# SDX15 325L 14Hz Sonosub build.



## SubNub (Mar 13, 2011)

With special thanks to Mike P. here and Robbie Skipton over at http://www.bmdgraphics.co.uk, I proudly present to you my first DIY Subwoofer build.

Here's the PSP port all the way from madisound.









Flare close up









Port dry fit









Then driver









After drilling for binding posts









Dry fit of them









Painted port end









Damping fitted









Finished and dwarfing my Tannoy's









The endcaps are triple stacked 18mm mdf routed and supplied by http://www.cncroutinguk.co.uk/ which I sanded and bonded with Weldbond, then primed with international wood primer (2 coats) and finished with Japlac

Robbie was very helpful discussing the creation of the discs after work hours via email. He also took my crude drawings in sketchup and made some proper cad ones and arranged the manufacture/delivery of them to me.... top bloke.

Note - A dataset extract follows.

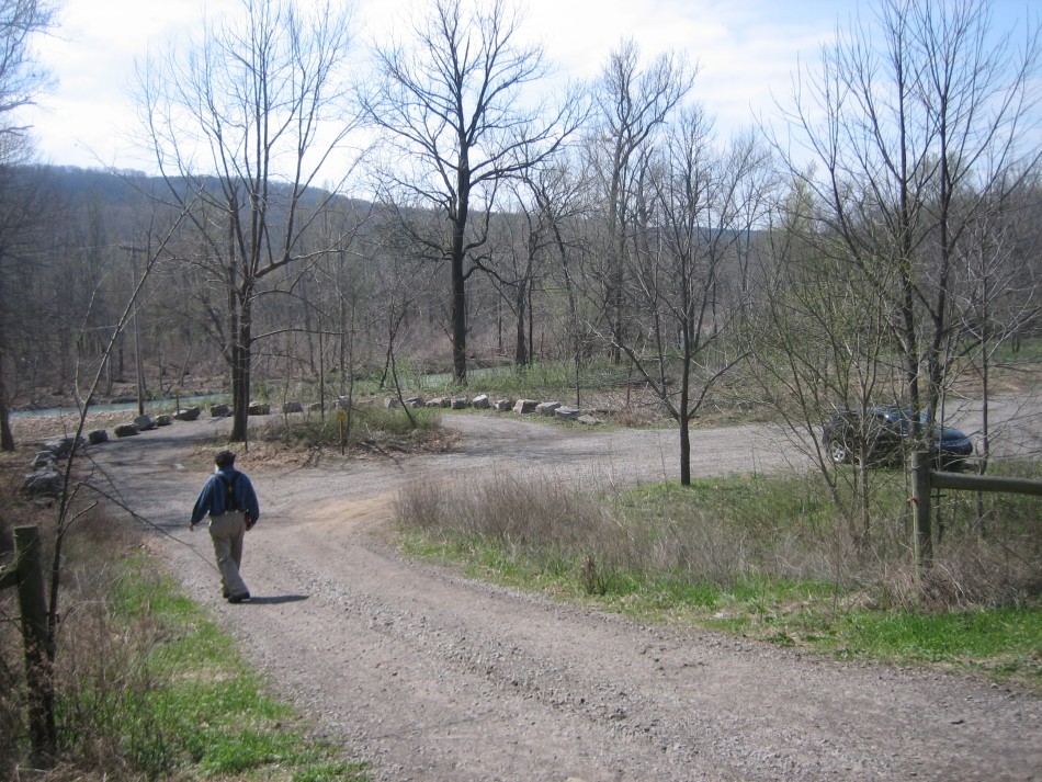 Lick Branch to Morgan Mountain (OHT Map 5): The Lick Branch trailhead is accessed by going north from Highway 215 on Co 5099 for about 2 miles and then left on 5051. The parking lot has room for half a dozen cars. There is a big fire ring at the west end of the parking lot and a smaller campsite between the parking lot and the creek to the south. There are some social trails around the parking lot so follow the white blazes to get to the other side of the small creek.

The sonotube is from essex windings, it's 8mm walled - 600mm internal dia - cut to 1300mm long.
Unlike the stuff you guys get in the states this has no release film to worry about on the inside.

A nice tip to stop the cut ends getting damaged is to run round with a small amount of neat pva, this when set makes the edges very tough but also pulls it in slightly making a tight fit.

Carpet was some cheap, non-backed auto carpet from ebay.
It's a little fluffy and stretchy but covers very well and makes it look like the subs wearing a black fleece.

The feet are also from ebay, they are chunky tall pine bun feet.

I have been running it in this week listening to all sorts of music and watched a couple of movies too but with no eq and set by ear only.
I'm really impressed so far, can't wait till I can get the thing set up properly though.


----------



## robbo266317 (Sep 22, 2008)

That looks great. You should be pleased with it.

A quick question, when you say "feet" do you mean it doesn't have a baseplate?


----------



## SubNub (Mar 13, 2011)

Cheers.
It has a baseplate of sorts, it's a ring the same dimensions and cutout as the driver baffle with some self adhesive eva foam pads to kill vibes and help it slide into position without damage.


----------



## Mike P. (Apr 6, 2007)

Glad to hear you're enjoying it. It's kind of hard to see the finished product, got another pic?


----------



## SubNub (Mar 13, 2011)

Best I can do is the same without resize I'm afraid as it's now pushed further back behind the TV.
Please forgive the mess, I badly need to redecorate.


----------



## Mika75 (Feb 5, 2009)

So how tall is it ?


----------



## SubNub (Mar 13, 2011)

1465mm approx.


----------



## Mika75 (Feb 5, 2009)

The distance to the ceiling and the floorstander beside it give the impression of huge! 

Looking forward to ur impressions once eq'd. :T


----------



## Binary (Nov 23, 2009)

ive got something similar in terms of size/tuning/driver. and it ABSOLUTELY love it.

What are your listening impressions?


----------